Anyway, the call center was open from 6am to 7pm, and we had 200+ people in queue at 6am when we got to work, and sometimes in excess of 100 people still in queue at 7 when we closed, which the closing teams had to stay and take care of, but were then being disciplined for having too much OT on their paychecks. That stopped when someone was fired for clearing the queue in 2 minutes by just picking up and hanging up until the calls were gone. So April rolls around and we're pretty used to massive queues and no time between calls, but we come in one morning and there are no calls in queue. None. There's nothing holding, the SLA is 99% and the average hold time is 30sec. We log on to our computers and everyone has an email from corporate that there are going to be conference calls throughout the day and each one will involve several teams, no one is allowed to talk about what was said during the call to anyone who hasn't been in one yet, etc.

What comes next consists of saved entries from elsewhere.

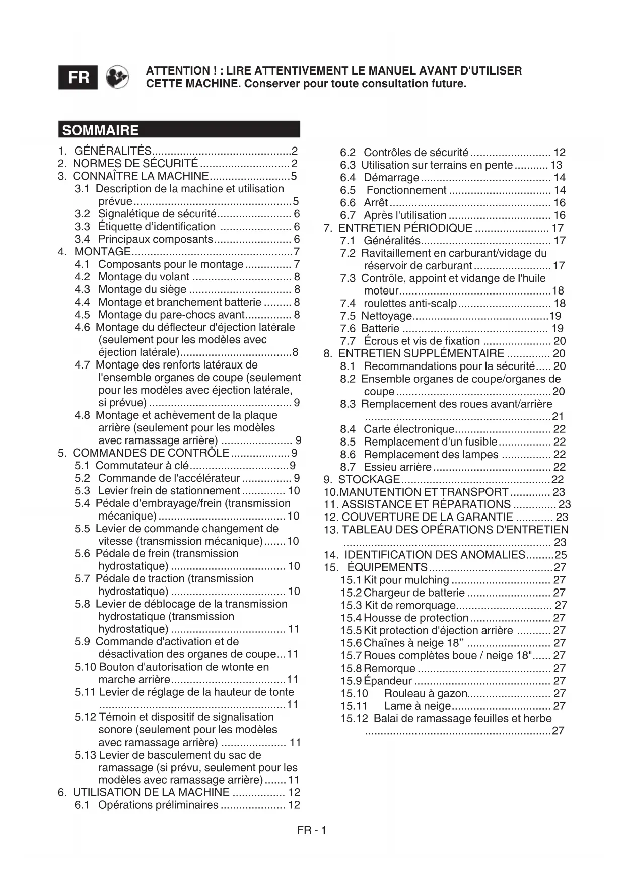 - L’usure normale des consommables comme les courroies de transmission, phares, roues, lames, boulons de sécurité et ls.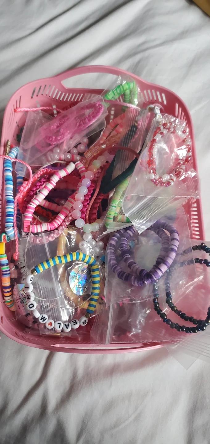 I have a bracelet business if u want to support me buy some bracelets glossybead_boutique is my tiktok drop a follow it took time to make these bracelets made with love and there's many more so text me if u want different ones I customize to your liking I don't only do beads but I also do the braided ones $8-$10 or more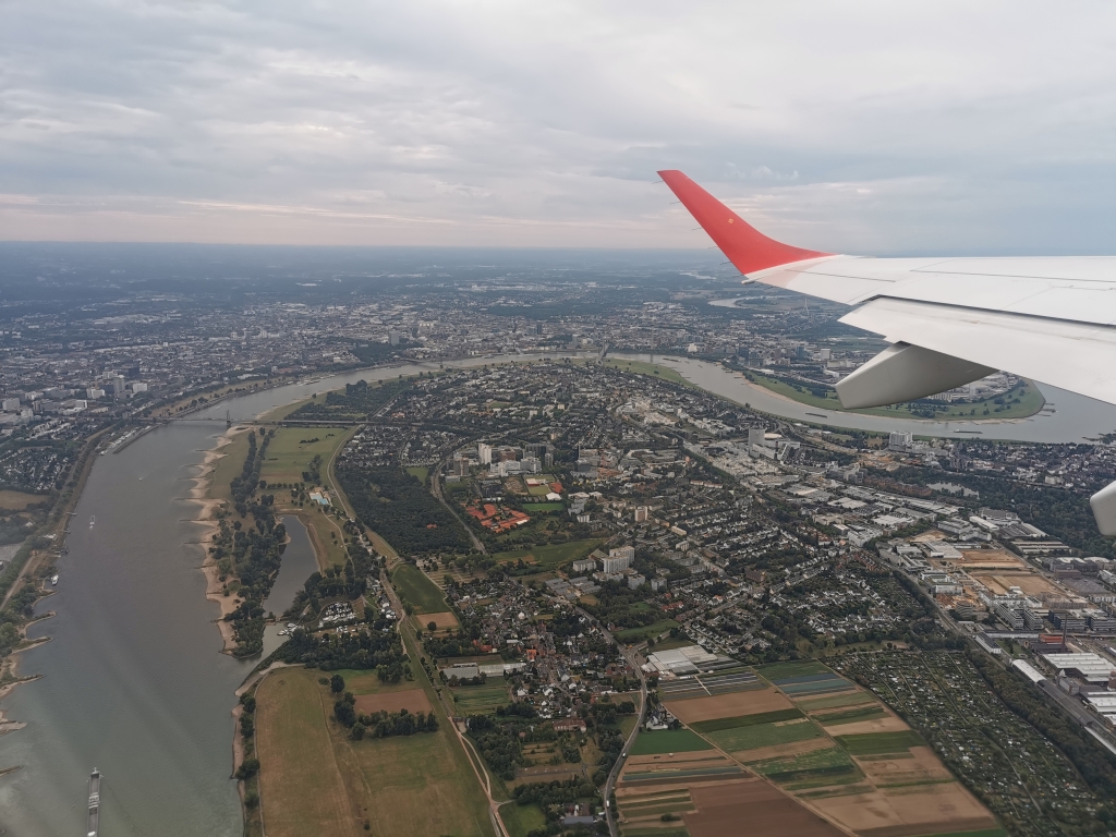 Kurze Schleife über den Rhein und Neuss und dann ab nach Süd-Ost nach Hause. Also für das Flugzeug. Für uns in den Kurzurlaub.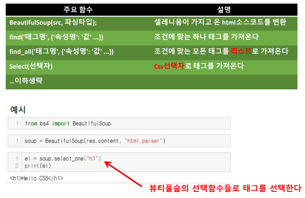 - 뷰티풀숩(Beautiful Soup)은 스크린 스크래핑(screen-scraping) 프로젝트를 위해 설계된 파이썬 라이브러리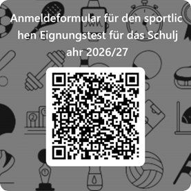 1.) Anmeldung zum sportlichen Eignungstest (bis spätestens 23. Dezember 2025) mit folgendem Link: Anmeldung für den sportlichen Eignungstest Schuljahr 2026/27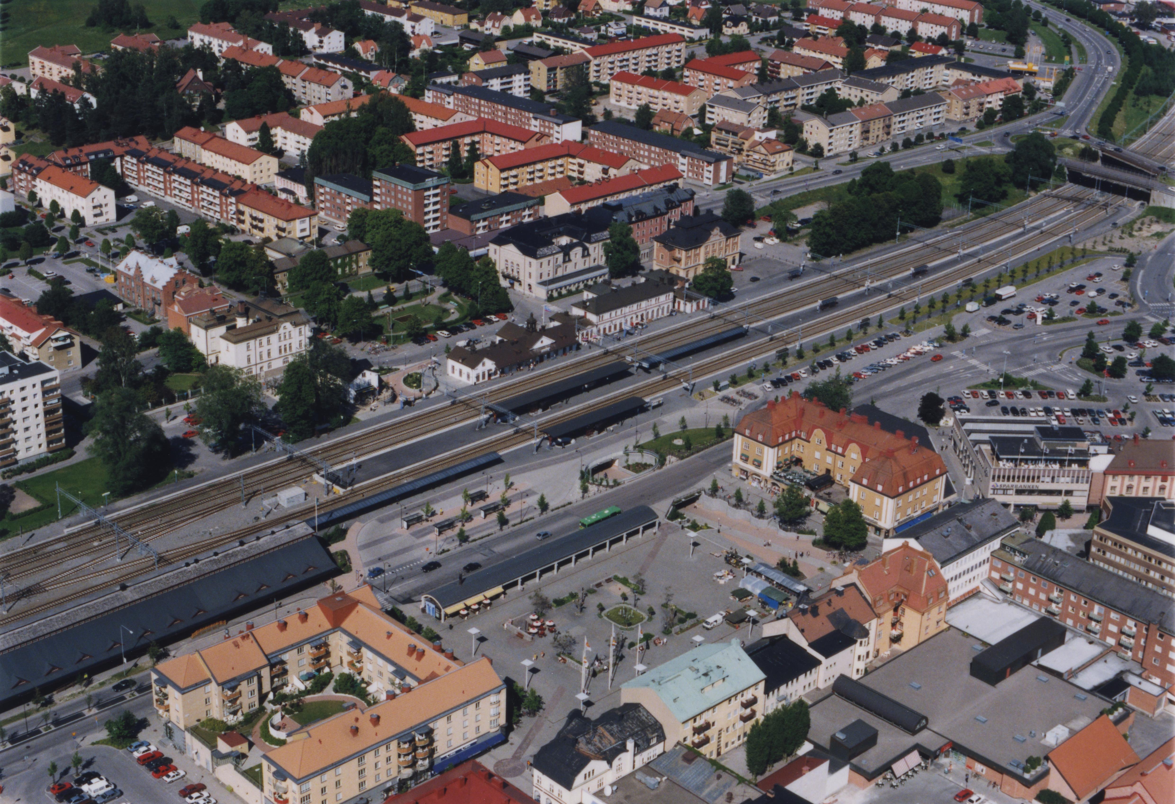 Beskrivning: Katrineholms stad. Järnvägsstationen och Stortorget vid bildens mitt. Bilden är tagen mot (väderstreck): NO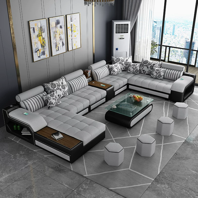 Kích thước sofa vải căn hộ chung cư tối giản công nghệ hiện đại sofa vải bàn cafe tủ tivi phòng khách kết hợp nội thất trọn gói - Ghế sô pha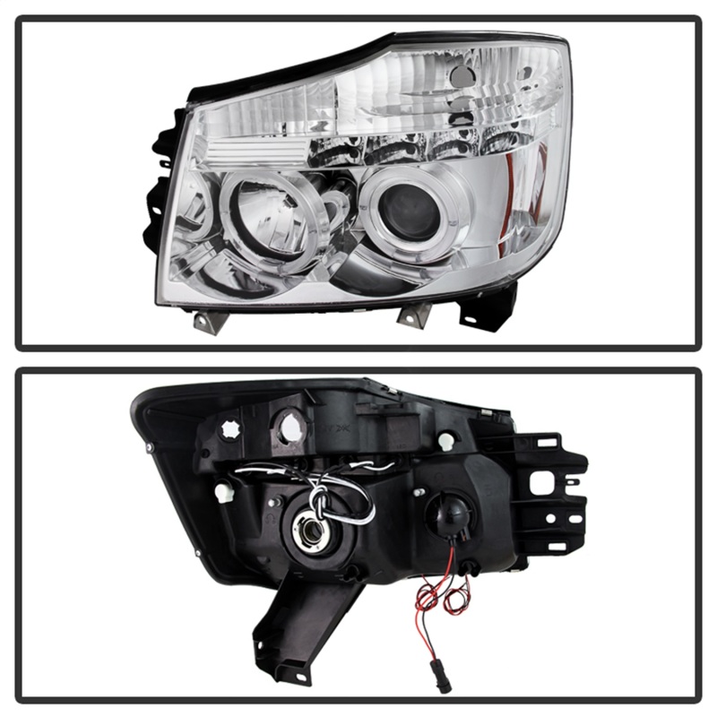 Nissan Armada Headlight Set - SPYDER - Projector, LED Halo - Chrome - `04-`07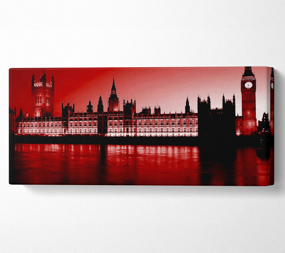Rote Leinwand mit dem Houses of Parliament in London, gedruckt auf beschichteter Polyester-Leinwand. Auf einem 44 mm breiten Kastenrahmen montiert, fertig zum Aufhängen.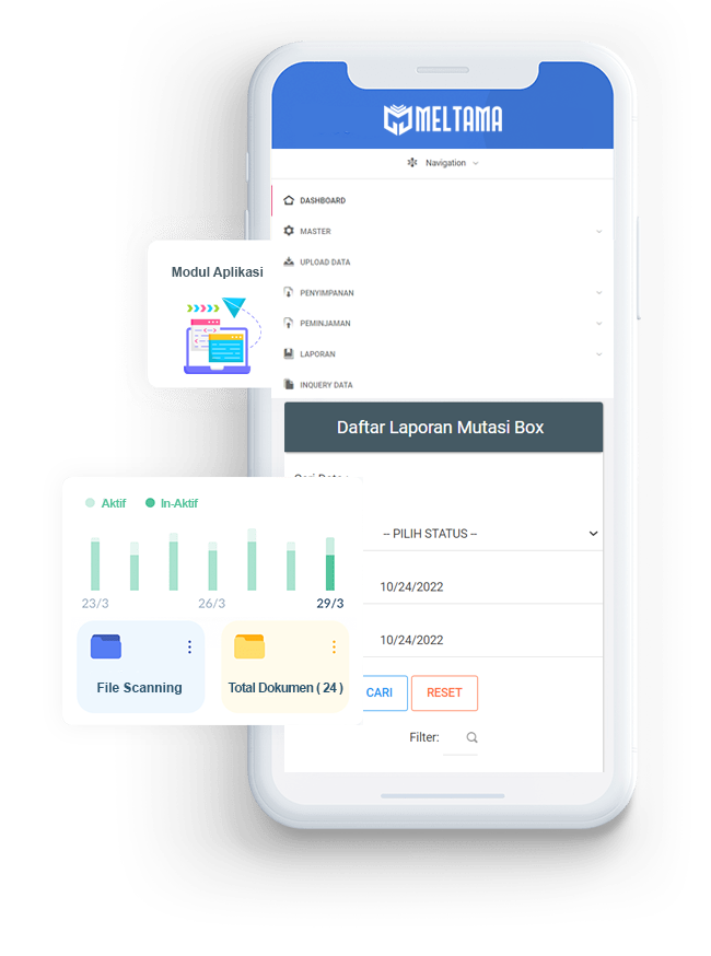 Meltama mengembangkan sistem aplikasi guna memanfaatkan teknologi informasi dalam dunia kearsipan, menjadikan pengelolaan arsip yang berbasis komputerisasi dan tersistematis. Kami juga bertujuan memudahkan user dalam pencarian dokumen jika ingin diperlukan kembali.

Our team's call wasn't until 1pm or so, and we get in there and hear that they're shutting down this call center and moving to a different location (which had already started taking the call volume from us that morning) that was 22.5 miles away. Now, 22.5 miles isn't that far. It's a little less that what I commute one way now, but most of the people working at that call center were already commuting for an hour or more to get to work, and the way the new call center was situated from the old one would have added about 90 minutes for most of us, so for 90% of the staff transitioning to the new location was completely out of the question. Problem was, WaMu had a policy that unless they moved your job 25 miles or more away from you, you weren't due any sort of severence package or assistance finding a new position within the company or anything nice like that. If you didn't decide to move to the new location, it was termed as a voluntary quit and you were just S.O.L. One of my buddies and I had lunch right after the meeting ended and walked the two blocks to Pike Place Brewery for some beers and burgers and came back half sloshed.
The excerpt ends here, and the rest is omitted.